In a landmark decision aimed at enhancing the well-being of the elderly, the Union government has approved a free health insurance cover of ₹5 lakh for all citizens aged 70 and above. This monumental move is part of the government’s flagship Ayushman Bharat Pradhan Mantri Jan Arogya Yojana (AB PMJAY), ensuring that India’s senior citizens receive much-needed healthcare coverage at no cost.

Ayushman Bharat Yojana
Ayushman Bharat Yojana

This initiative is set to benefit 6 crore senior citizens across 4.5 crore families, providing crucial healthcare support to the elderly population, many of whom face rising medical expenses. The free health cover, worth ₹5 lakh per year, will be on a family basis and is aimed at ensuring that senior citizens have access to essential healthcare services without the financial burden.

A Lifeline for Senior Citizens

The approved health coverage will operate on a top-up basis. For families already covered under the Ayushman Bharat Scheme, the senior citizens above 70 years will receive an additional cover of ₹5 lakh, specifically reserved for their use. This coverage is exclusive to the individual above 70 and does not need to be shared with other family members who are younger.

This initiative is open to all senior citizens, irrespective of their socio-economic status, making it a truly inclusive scheme. Additionally, senior citizens who are already receiving benefits from other public health insurance schemes can choose to either continue with their current plan or opt into Ayushman Bharat PMJAY for this top-up benefit.

A Promise Fulfilled

This announcement comes as a fulfillment of Prime Minister Narendra Modi’s promise made during the run-up to the general elections. The PM had committed to improving the health infrastructure and making healthcare more accessible for all, particularly the vulnerable elderly population.

The decision underscores the government’s focus on providing healthcare security to senior citizens, who often face age-related health challenges and are more susceptible to chronic illnesses. By introducing this free health insurance cover, the government aims to alleviate financial stress on families and offer peace of mind to the elderly, knowing they can access medical care without worrying about high costs.

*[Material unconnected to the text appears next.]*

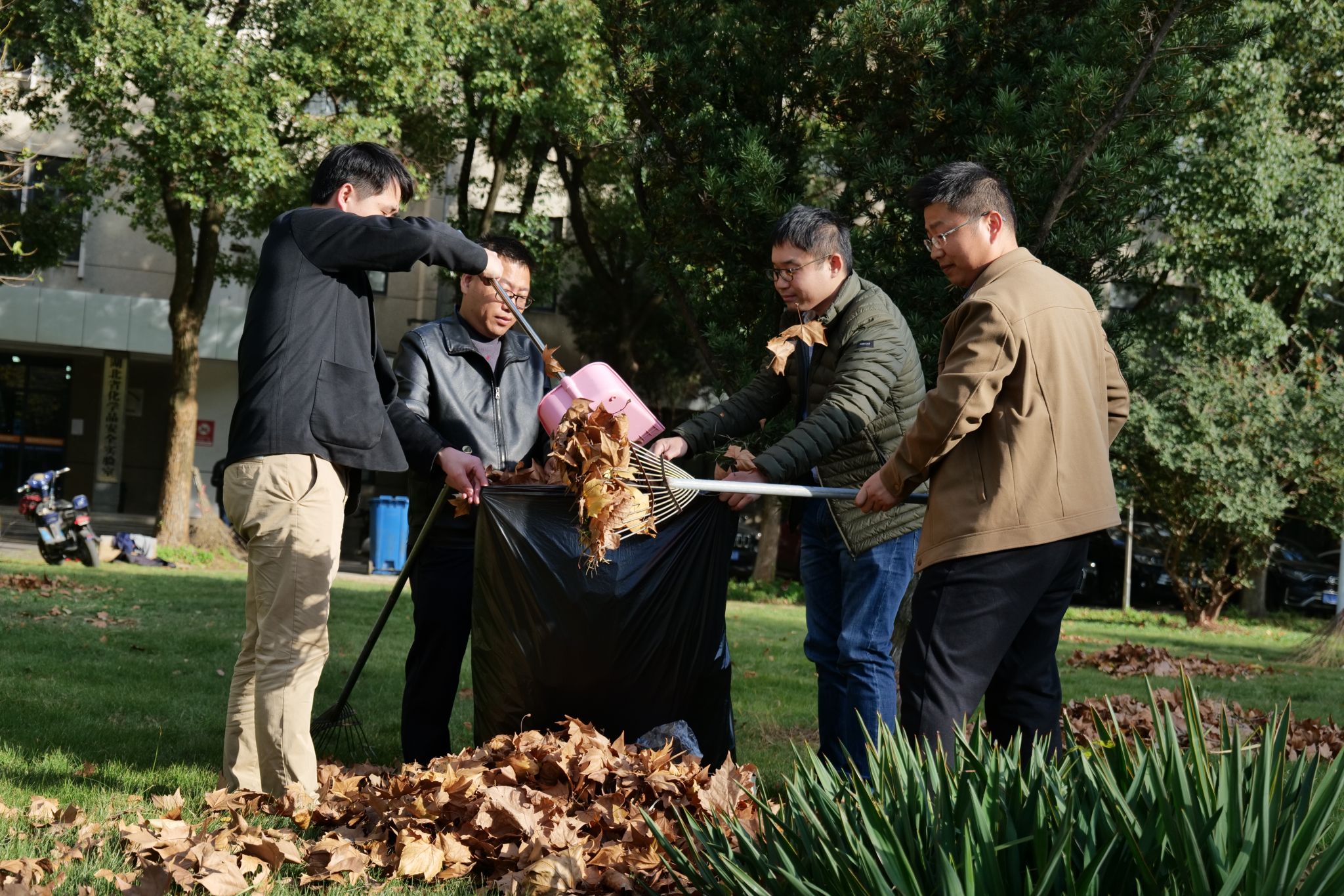 党员志愿者们充分发挥不怕脏、不怕累的精神,分工配合对学院劳动责任区域内进行清扫,手拿草耙子、垃圾袋,对许志伟广场的落叶枯枝、纸屑烟头等垃圾进行清扫装袋。

A Step Toward Universal Healthcare

The Ayushman Bharat PMJAY scheme has already been lauded as one of the world’s largest public health insurance initiatives. With this latest addition, the scheme continues to set benchmarks in providing healthcare access to the most vulnerable sections of society. The new health coverage for senior citizens further strengthens the government’s vision of “Health for All”, ensuring that no one is left behind, regardless of age or financial background.

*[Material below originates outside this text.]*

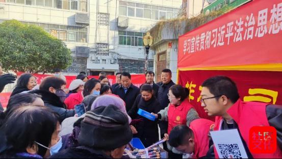 各成员单位通过悬挂横幅、摆放展板、现场咨询、案例解读、发放法律知识读本等形式,宣传宪法和与本部门职责密切相关的法律法规。活动中,累计向群众发放普法资料3500余册,发放购物袋、年历、纸杯等宣传品3000余份。引导广大群众主动尊法学法守法用法,形成“一站式”法律服务矩阵,掀起了全县学习宣传宪法的高潮。

What Does This Mean for You?

Families with senior citizens above the age of 70 can now rest assured that their loved ones are protected under the Ayushman Bharat scheme, with no additional cost. The scheme offers:

  • Free health insurance coverage of ₹5 lakh per year, reserved exclusively for individuals above 70 years of age.
  • Top-up cover for families already enrolled in the Ayushman Bharat scheme, ensuring more comprehensive healthcare for the elderly.
  • Access to public and private healthcare facilities across the country, ensuring that senior citizens can receive timely and quality medical treatment.

Conclusion

The Union government’s decision to extend free health coverage to all senior citizens above 70 years is a significant step toward ensuring that India’s elderly population is well cared for. With this initiative, millions of families across the country will have the support they need to navigate healthcare challenges with ease, ensuring that senior citizens can live their golden years with dignity and security.